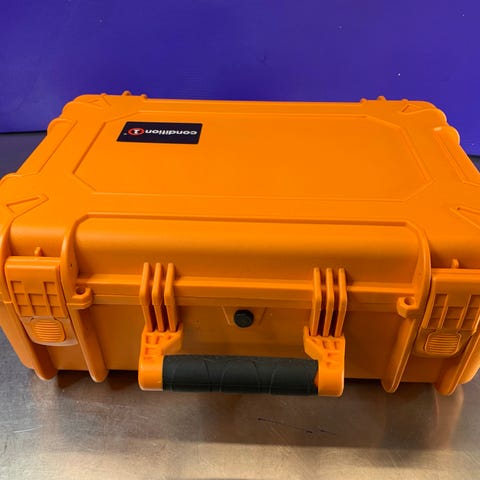 Condition 1 beskyttelsesboks i gul farve med skumindlæg. Boksen er designet til sikker opbevaring og transport af følsomt udstyr og har en robust konstruktion.
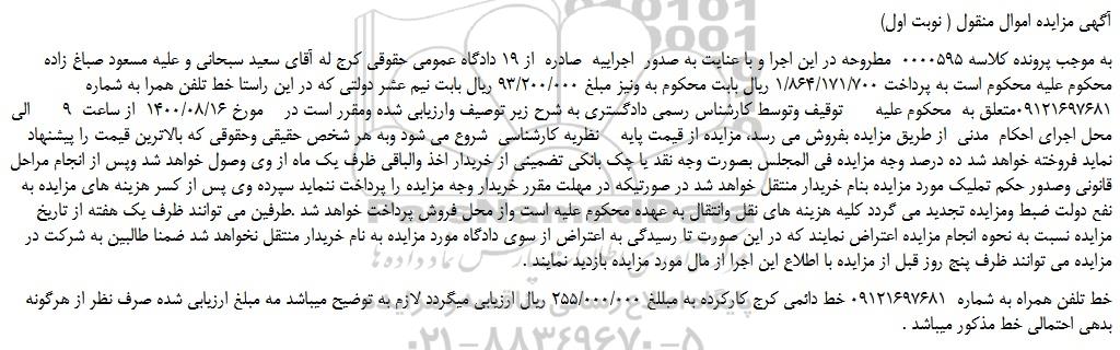 به موجب پرونده کلاسه 0000595 مطروحه در این اجرا و با عنایت به صدور اجراییه صادره از 19 دادگاه عمومی حقوقی کرج له آقای سعید سبحانی و علیه مسعود صباغ زاده محکوم علیه محکوم است به پرداخت 1/864/171/700 ریال بابت محکوم به ونیز مبلغ 93/200/000 ریال بابت نیم عشر دولتی که در این راستا خط تلفن همرا به شماره 09121697681متعلق به محکوم علیه توقیف وتوسط کارشناس رسمی دادگستری به شرح زیر توصیف وارزیابی شده ومقرر است در مورخ 1400/08/16 از ساعت 9 الی 10 در محل اجرای احکام مدنی از طریق مزایده بفروش می رسد، مزایده از قیمت پایه نظریه کارشناسی شروع می شود وبه هر شخص حقیقی وحقوقی که بالاترین قیمت را پیشنهاد نماید فروخته خواهد شد ده درصد وجه مزایده فی المجلس بصورت وجه نقد یا چک بانکی تضمینی از خریدار اخذ والباقی ظرف یک ماه از وی وصول خواهد شد وپس از انجام مراحل قانونی وصدور حکم تملیک مورد مزایده بنام خریدار منتقل خواهد شد در صورتیکه در مهلت مقرر خریدار وجه مزایده را پرداخت ننماید سپرده وی پس از کسر هزینه های مزایده به نفع دولت ضبط ومزایده تجدید می گردد کلیه هزینه های نقل وانتقال به عهده محکوم علیه است واز محل فروش پرداخت خواهد شد .طرفین می توانند ظرف یک هفته از تاریخ مزایده نسبت به نحوه انجام مزایده اعتراض نمایند که در این صورت تا رسیدگی به اعتراض از سوی دادگاه مورد مزایده به نام خریدار منتقل نخواهد شد ضمنا طالبین به شرکت در مزایده می توانند ظرف پنج روز قبل از مزایده با اطلاع این اجرا از مال مورد مزایده بازدید نمایند .
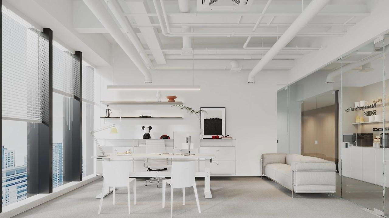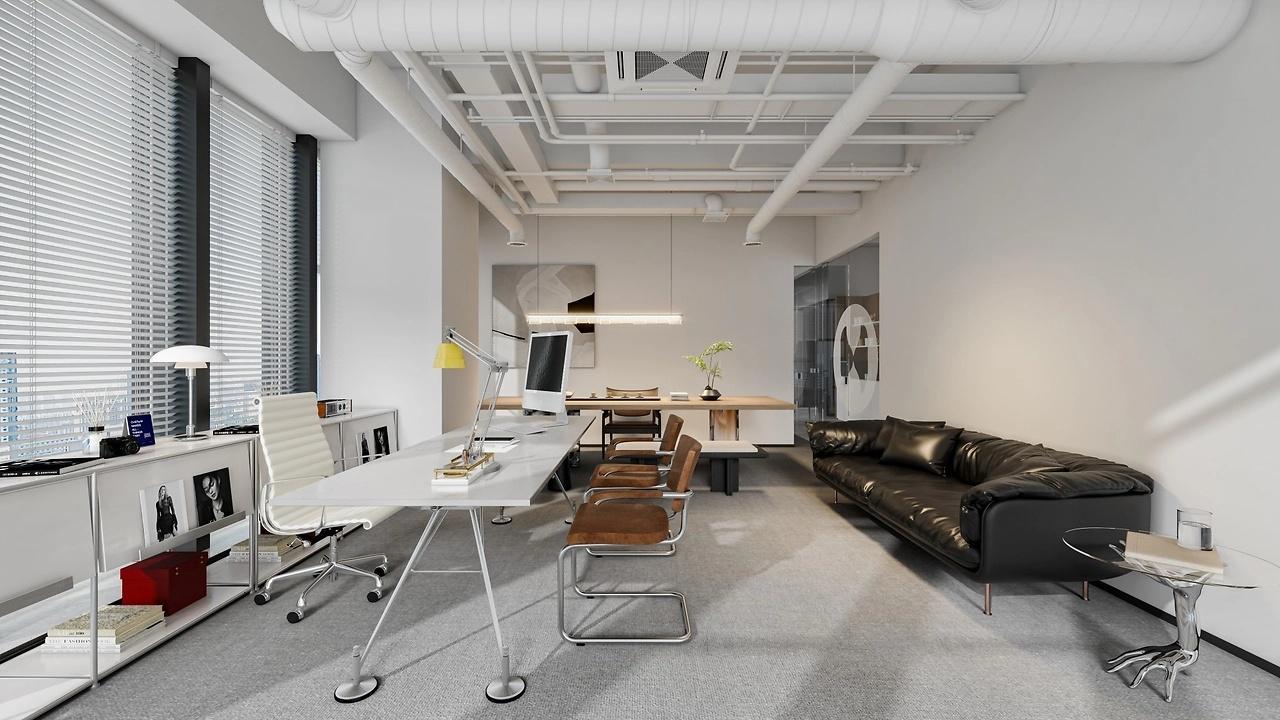 走进办公室,首先映入眼帘的是简洁流畅的线条。摒弃了繁杂的装饰,以直线、几何形状为主导,勾勒出空间的轮廓。从天花板的造型到墙面的装饰,再到办公家具的选择,都遵循着简洁的原则。这种简洁并非单调,而是在简约中蕴含着精致与品味。例如,天花板采用无主灯设计,以隐藏式灯带和筒灯组合,在满足照明需求的同时,让顶面看起来简洁大方,避免了传统吊灯带来的压抑感。

→ **Task instructions**:
Pictures are not part of the copy; retype all the other material exactly.

→ **Answer section**:
 Condition 1 beskyttelsesboks i gul farve med skumindlæg. Boksen er designet til sikker opbevaring og transport af følsomt udstyr og har en robust konstruktion.
 به موجب پرونده کلاسه 0000595 مطروحه در این اجرا و با عنایت به صدور اجراییه صادره از 19 دادگاه عمومی حقوقی کرج له آقای سعید سبحانی و علیه مسعود صباغ زاده محکوم علیه محکوم است به پرداخت 1/864/171/700 ریال بابت محکوم به ونیز مبلغ 93/200/000 ریال بابت نیم عشر دولتی که در این راستا خط تلفن همرا به شماره 09121697681متعلق به محکوم علیه توقیف وتوسط کارشناس رسمی دادگستری به شرح زیر توصیف وارزیابی شده ومقرر است در مورخ 1400/08/16 از ساعت 9 الی 10 در محل اجرای احکام مدنی از طریق مزایده بفروش می رسد، مزایده از قیمت پایه نظریه کارشناسی شروع می شود وبه هر شخص حقیقی وحقوقی که بالاترین قیمت را پیشنهاد نماید فروخته خواهد شد ده درصد وجه مزایده فی المجلس بصورت وجه نقد یا چک بانکی تضمینی از خریدار اخذ والباقی ظرف یک ماه از وی وصول خواهد شد وپس از انجام مراحل قانونی وصدور حکم تملیک مورد مزایده بنام خریدار منتقل خواهد شد در صورتیکه در مهلت مقرر خریدار وجه مزایده را پرداخت ننماید سپرده وی پس از کسر هزینه های مزایده به نفع دولت ضبط ومزایده تجدید می گردد کلیه هزینه های نقل وانتقال به عهده محکوم علیه است واز محل فروش پرداخت خواهد شد .طرفین می توانند ظرف یک هفته از تاریخ مزایده نسبت به نحوه انجام مزایده اعتراض نمایند که در این صورت تا رسیدگی به اعتراض از سوی دادگاه مورد مزایده به نام خریدار منتقل نخواهد شد ضمنا طالبین به شرکت در مزایده می توانند ظرف پنج روز قبل از مزایده با اطلاع این اجرا از مال مورد مزایده بازدید نمایند .
 走进办公室,首先映入眼帘的是简洁流畅的线条。摒弃了繁杂的装饰,以直线、几何形状为主导,勾勒出空间的轮廓。从天花板的造型到墙面的装饰,再到办公家具的选择,都遵循着简洁的原则。这种简洁并非单调,而是在简约中蕴含着精致与品味。例如,天花板采用无主灯设计,以隐藏式灯带和筒灯组合,在满足照明需求的同时,让顶面看起来简洁大方,避免了传统吊灯带来的压抑感。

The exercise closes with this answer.